> _Instructions to follow_
In the copy, include every entry exactly but none of the pictures.

> _Given records_
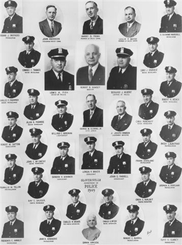The membership list is from a picture of the Gloversville Police Department in 1931. The original picture is on display at the City of Gloversville and is part of their Archives collection. The picture is four rows of portraits, five across with the Chief and Captain having slightly larger pictures than the others. It was reproduced from Fulton's site from James Morrison, Historian for the City of Gloversville. (Copyright © 2000 James Morrison & Jeanette Shiel All Rights Reserved. ) |
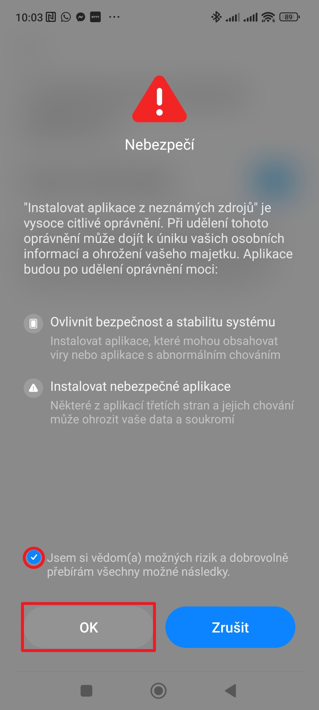 5. Pokud se zobrazí varování, že nemáte povolené instalovat neznámé aplikace, klepněte na tlačítko Nastavení.
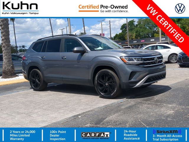 **VW CERTIFIED 2023 VOLKSWAGEN ATLAS 2.0T SE W/ TECHNOLOGY, TOURMALINE BLUE METALLIC EXTERIOR, TITAN BLACK LEATHER INTERIOR, 2.0L TSI TURBO 4-CYLINDER ENGINE, FWD 8-SPEED TIPTRONIC, PANORAMIC POWER SUNROOF, 2ND-ROW DUAL CAPTAINS CHAIRS, 20" BLACK ALLOY WHEELS, AUTO-DIMMING REARVIEW MIRROR W/ HOMELINK, MOJOMATS & TRUNK LINER, VW CARE PREPAID MAINTENANCE, PRIVACY COVER, FIRST AID & ROADSIDE ASSISTANCE KITS, ADAPTIVE CRUISE CONTROL STOP & GO, DIGITAL COCKPIT PRO, APP-CONNECT, BLUETOOTH, REAR VIEW CAMERA, KEYLESS ACCESS.** Odometer is 7710 miles below market average! Volkswagen Certified Pre-Owned Details: * Vehicle History * Model Year 2020 and Newer Vehicles: 2-Year or 24,000-Mile (whichever occurs first) Comprehensive Limited Warranty. Model Year 2019 Vehicles: 1-Year or 12,000-Mile (whichever comes first) Comprehensive Limited Warranty. Electric Vehicles Model Year 2019 & Newer: 3-Year or 36,000-Mile (whichever comes first) Comprehensive Limited Warranty. 2 Years of 24-Hour Roadside Assistance, Three Months of SiriusXM Platinum Plan Trial Subscription. * Warranty Deductible: $50 * Roadside Assistance * 100+ Point Inspection We Save You Time and Money Utilizing Internet Value Pricing! Our goal at Kuhn is to save you thousands on any vehicle in-stock by presenting market-based Internet Value Pricing. We do not artificially inflate our vehicle prices, attempting to win a negotiation contest with our guests. In short, we never play pricing games! Kuhn Automotive Group--Proudly serving the Greater Tampa Bay Area and beyond, including Saint Petersburg, Clearwater, Tarpon Springs, Safety Harbor, Brandon, Temple Terrace, Pinellas Park, Plant City, Largo, Lakeland, Orlando, and YOU! Call us today! (813) 872-4841.
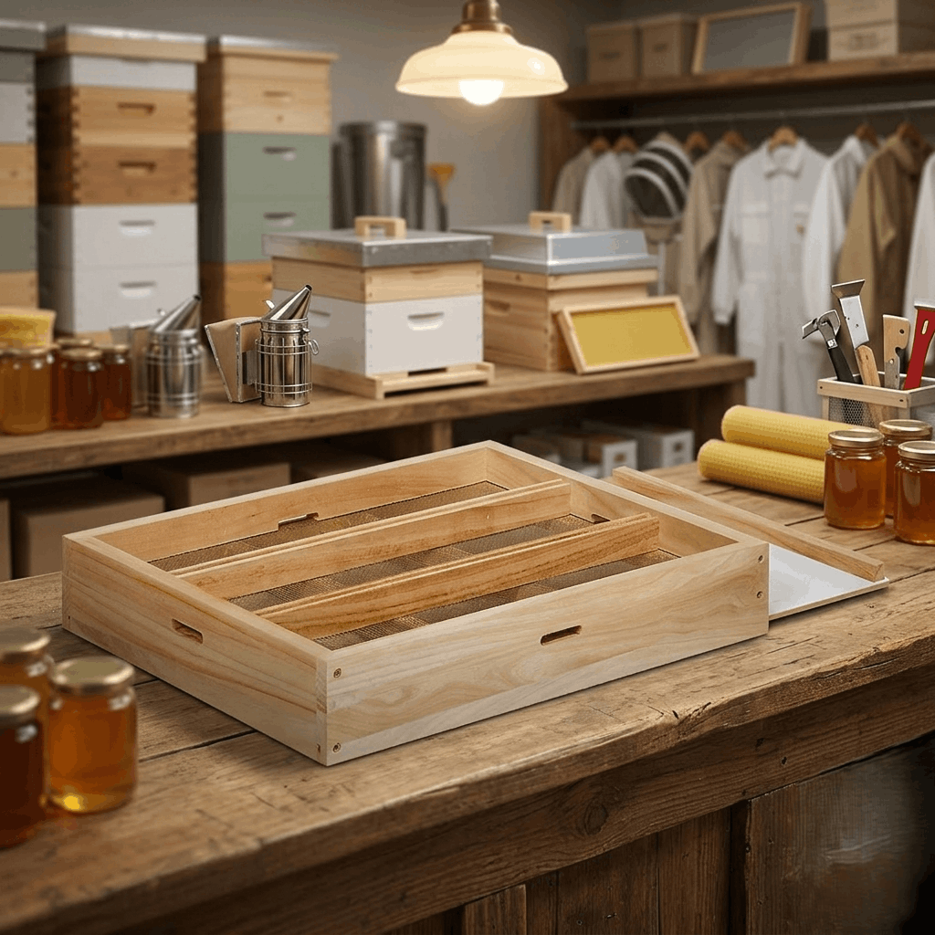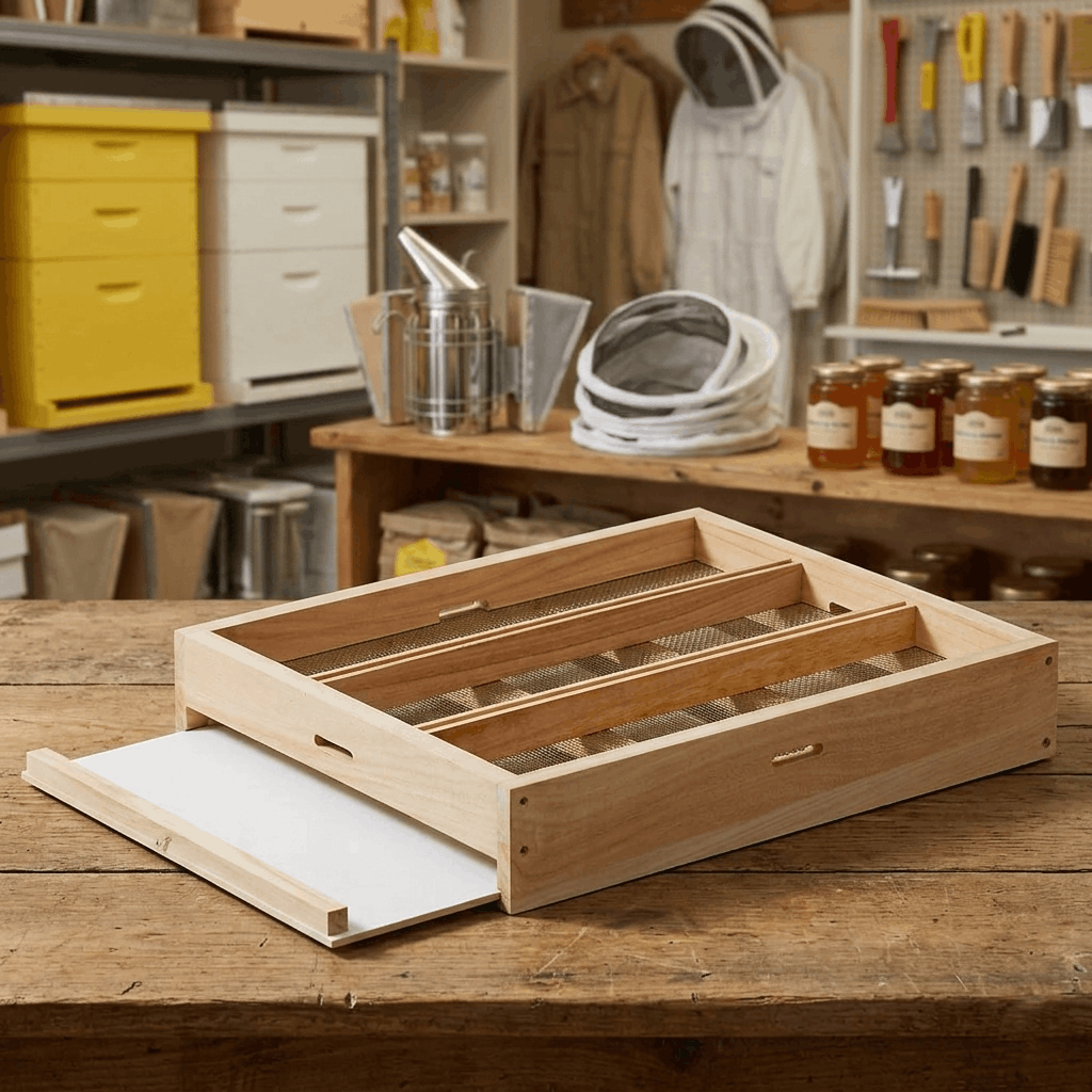 mit Edelstahl Varroagitter, Bodenschieber und drei Fluglöchern. Durch Einsatz der Trennschiede Zander Artikel 2383, ZaDant oder Zander Anderthalb können bis zu drei Ableger zu je 3 Waben in einer Zarge gebildet werden
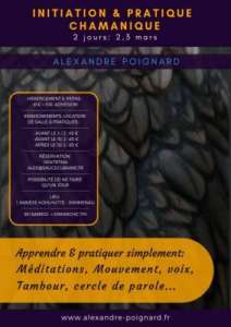 Sur deux jours, nous allons simplement apprendre des bases de voyages chamaniques, méditer, nous allons bouger, écouter, utiliser des tambours, parler, découvrir, nous faire surprendre, bien dormir, bien manger, nous rencontrer, rencontrer l’autre à travers le regard ou le mouvement et tout ça en conscience, et, finalement nous ne ferons que vivre un peu plus.

> _Task result_
The membership list is from a picture of the Gloversville Police Department in 1931. The original picture is on display at the City of Gloversville and is part of their Archives collection. The picture is four rows of portraits, five across with the Chief and Captain having slightly larger pictures than the others. It was reproduced from Fulton's site from James Morrison, Historian for the City of Gloversville. (Copyright © 2000 James Morrison & Jeanette Shiel All Rights Reserved. ) |
 5. Pokud se zobrazí varování, že nemáte povolené instalovat neznámé aplikace, klepněte na tlačítko Nastavení.
 **VW CERTIFIED 2023 VOLKSWAGEN ATLAS 2.0T SE W/ TECHNOLOGY, TOURMALINE BLUE METALLIC EXTERIOR, TITAN BLACK LEATHER INTERIOR, 2.0L TSI TURBO 4-CYLINDER ENGINE, FWD 8-SPEED TIPTRONIC, PANORAMIC POWER SUNROOF, 2ND-ROW DUAL CAPTAINS CHAIRS, 20" BLACK ALLOY WHEELS, AUTO-DIMMING REARVIEW MIRROR W/ HOMELINK, MOJOMATS & TRUNK LINER, VW CARE PREPAID MAINTENANCE, PRIVACY COVER, FIRST AID & ROADSIDE ASSISTANCE KITS, ADAPTIVE CRUISE CONTROL STOP & GO, DIGITAL COCKPIT PRO, APP-CONNECT, BLUETOOTH, REAR VIEW CAMERA, KEYLESS ACCESS.** Odometer is 7710 miles below market average! Volkswagen Certified Pre-Owned Details: * Vehicle History * Model Year 2020 and Newer Vehicles: 2-Year or 24,000-Mile (whichever occurs first) Comprehensive Limited Warranty. Model Year 2019 Vehicles: 1-Year or 12,000-Mile (whichever comes first) Comprehensive Limited Warranty. Electric Vehicles Model Year 2019 & Newer: 3-Year or 36,000-Mile (whichever comes first) Comprehensive Limited Warranty. 2 Years of 24-Hour Roadside Assistance, Three Months of SiriusXM Platinum Plan Trial Subscription. * Warranty Deductible: $50 * Roadside Assistance * 100+ Point Inspection We Save You Time and Money Utilizing Internet Value Pricing! Our goal at Kuhn is to save you thousands on any vehicle in-stock by presenting market-based Internet Value Pricing. We do not artificially inflate our vehicle prices, attempting to win a negotiation contest with our guests. In short, we never play pricing games! Kuhn Automotive Group--Proudly serving the Greater Tampa Bay Area and beyond, including Saint Petersburg, Clearwater, Tarpon Springs, Safety Harbor, Brandon, Temple Terrace, Pinellas Park, Plant City, Largo, Lakeland, Orlando, and YOU! Call us today! (813) 872-4841.
 mit Edelstahl Varroagitter, Bodenschieber und drei Fluglöchern. Durch Einsatz der Trennschiede Zander Artikel 2383, ZaDant oder Zander Anderthalb können bis zu drei Ableger zu je 3 Waben in einer Zarge gebildet werden
 Sur deux jours, nous allons simplement apprendre des bases de voyages chamaniques, méditer, nous allons bouger, écouter, utiliser des tambours, parler, découvrir, nous faire surprendre, bien dormir, bien manger, nous rencontrer, rencontrer l’autre à travers le regard ou le mouvement et tout ça en conscience, et, finalement nous ne ferons que vivre un peu plus.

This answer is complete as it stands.